Post-construction Settlements
Primary consolidation of compressible soils at the site will be achieved upon completion of the preloading.
During secondary consolidation, you should expect maximum post-construction total settlements of 1 to 1-1/4
inch and differential settlements of 1/2 to 3/4 inch. These values represent expected settlements over 50 years.
However, we anticipate that most of these settlements will occur within one to two years after completion of the
structure.
Page No. 6
October 19, 1996
Project No. T-3310
The surcharge program will not significantly reduce the liquefaction potential of the loose saturated silty sand
layers at the site. Additional total settlements of three to five inches could occur during a moderate earthquake
(magnitude 6.5 or greater). If the owner is not willing to accept the risk for these potential settlements, the
buildings should be supported on pile foundations.
4.4 UST Excavation
Due to the shallow depth to groundwater observed in the vicinity of the USTs, dewatering prior to excavation will
be required. To accomplish this, we recommend using a well point system. For design, the permeability of the
coarse-grained soils encountered in the area of the USTs can be taken as 0.1 centimeters per second(cm/s).

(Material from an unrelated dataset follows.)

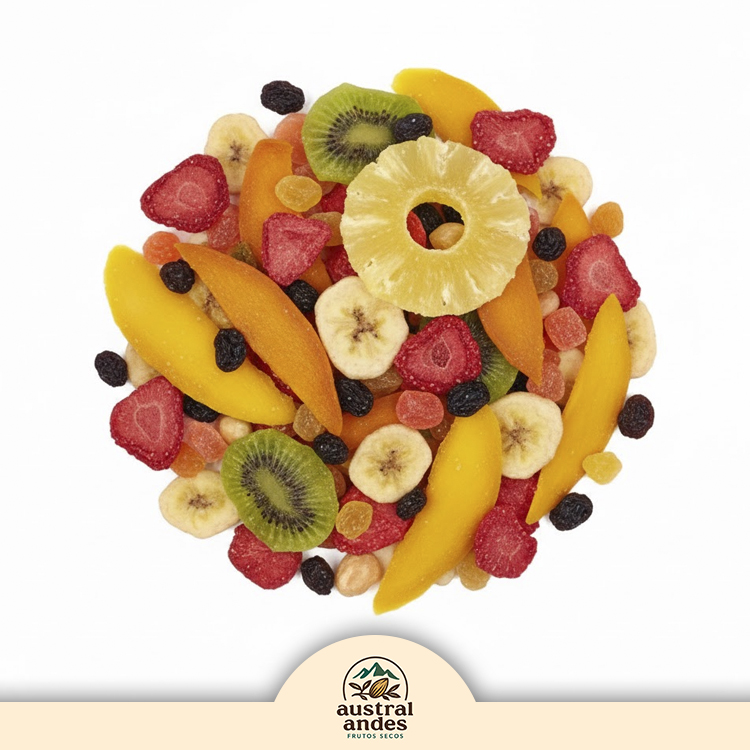 Una explosión de color, sabor y energía natural. Nuestro Mix de Frutas Deshidratadas Austral Andes reúne una cuidadosa selección de frutas del sur y del valle, deshidratadas suavemente para conservar todo su sabor, aroma y nutrientes.

With excavation depths potentially reaching 10 to 12 feet below the ground surface, a single-stage well point
system should be adequate to dewater the excavation. Adequate dewatering of a deeper excavation may require a
multiple-stage well point system. We do not recommend using deep pumping wells for dewatering because they
have the potential to cause settlements across a much broader area than a well point system. The dewatering
contractor should develop details of the dewatering system.
Side slopes for an adequately dewatered excavation should be laid back at a minimum inclination of 1.5:1. The
excavation side slopes should be covered with durable reinforced plastic sheeting that is securely staked in place.
This plastic sheeting will prevent erosion of the slope and will contain any loose slope soils that slough off or are
dislodged from the slope face due to isolated seepage conditions.
The UST's will need to be anchored to resist buoyant forces. To account for potential increases in buoyant forces
during an earthquake, we recommend designing for a groundwater level at the surface plus three feet.
4.5 Foundations
Spread Footing
Following the successful completion of the surcharge program, if the estimated post construction settlements are
considered tolerable, the building may be supported on conventional spread footing foundations bearing on a
minimum of two feet of structural fill. Perimeter foundations exposed to the weather should be at a minimum
depth of 1.5 feet below final exterior grades.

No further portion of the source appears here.